Many people are polite and will let you talk for a while before telling you they’re disinterested and shutting the door. This is costly. If you spend a couple of extra minutes at each house, you’re wasting an hour of your day on every street. This is inefficient and expensive. Learn to read people’s eyes and don’t be afraid to cut a conversation off prematurely if you know a prospect is disengaged.
- Always Leave Something
A salesperson should never depart without leaving something behind. Even when customers seem disinterested, there’s always the chance that they’ll mull over what was said and reconsider. Supplying the customer with a brochure is a cost-effective and useful way to encourage future communication.
In some industries, product samples are an excellent and tangible way to leave something of value and give prospects a chance to try your product and determine whether they like it.
- Optimize the Pitch
Sales pitches should be tailored to the customer and continually optimized based on feedback and firsthand experience. You can’t develop a one size fits all approach and expect it to work.
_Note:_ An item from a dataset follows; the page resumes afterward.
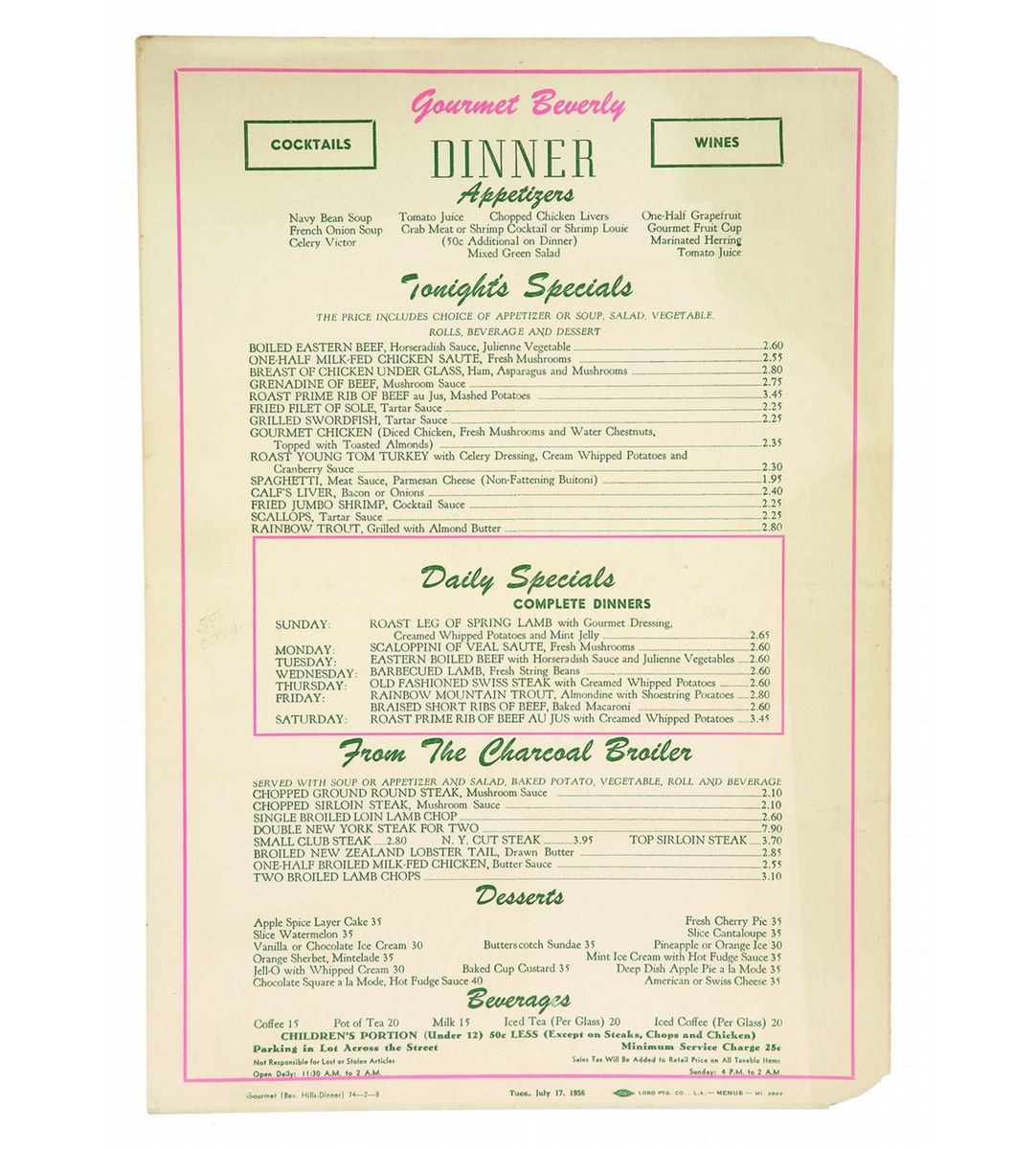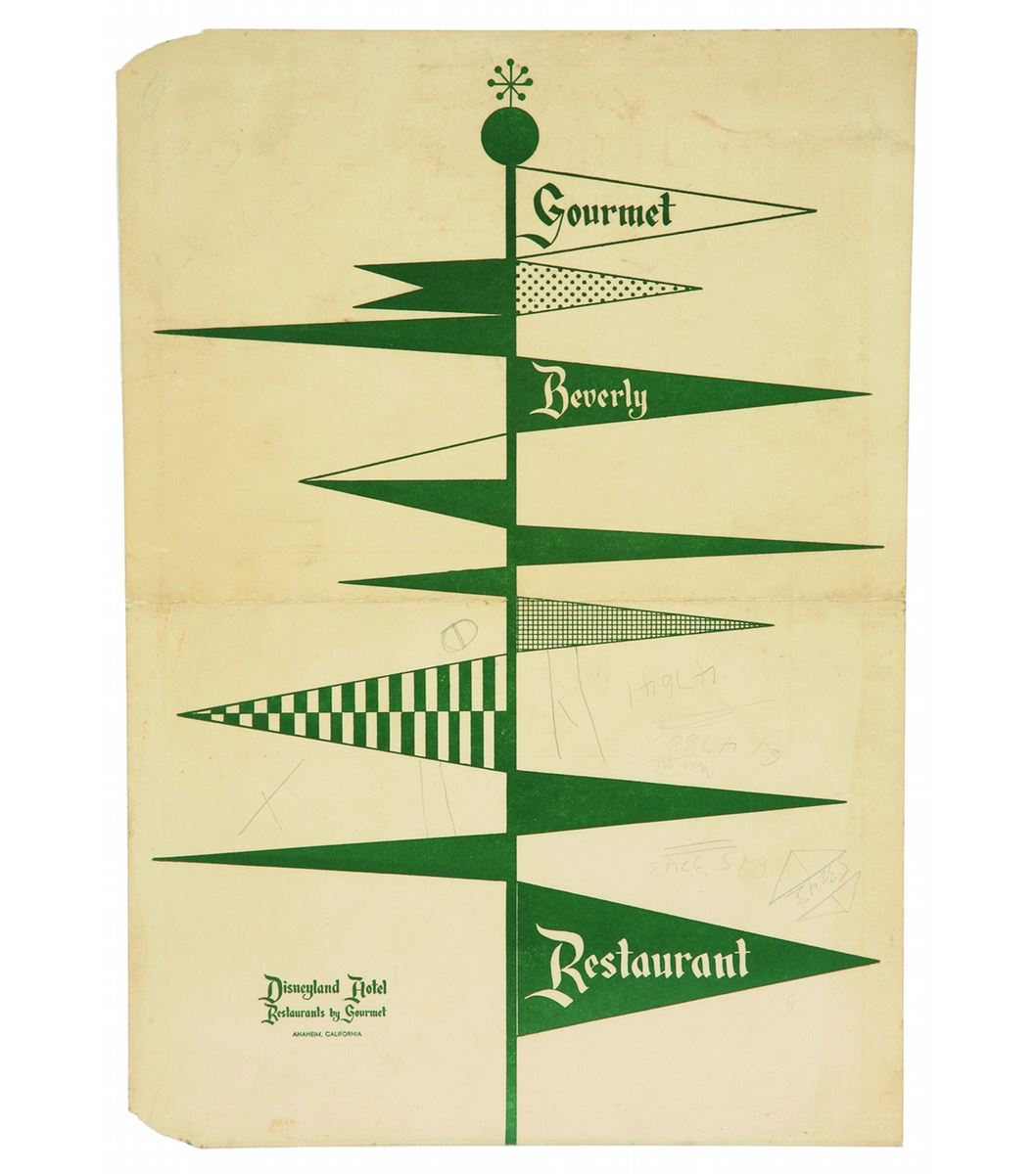 (Disneyland, 1956) A menu from the Gourmet Beverly restaurant at the Disneyland Hotel. The menu is dated "Tues., July 17, 1956", the one year anniversary of Disneyland. Features pennant imagery in green on the front, with the menu options in green and pink on the back. Measures 15"x10.5". In good condition with a horizontal fold mark down the middle. Some mild edge wear, including two small corner tears. Some pencil marks and notes throughout.

Instead, salespeople must be able to assess where a prospect is in the sales funnel and deliver a personalized message that reaches them where they are.
Back to the Basics
It’s unlikely that door-to-door sales will ever regain the popularity that it once enjoyed – there are simply too many convenient modes of modern communication – but don’t be surprised if it enjoys some degree of revitalization. And as businesses learn how to tackle this method within the context of modern selling restrictions, new opportunities will arise.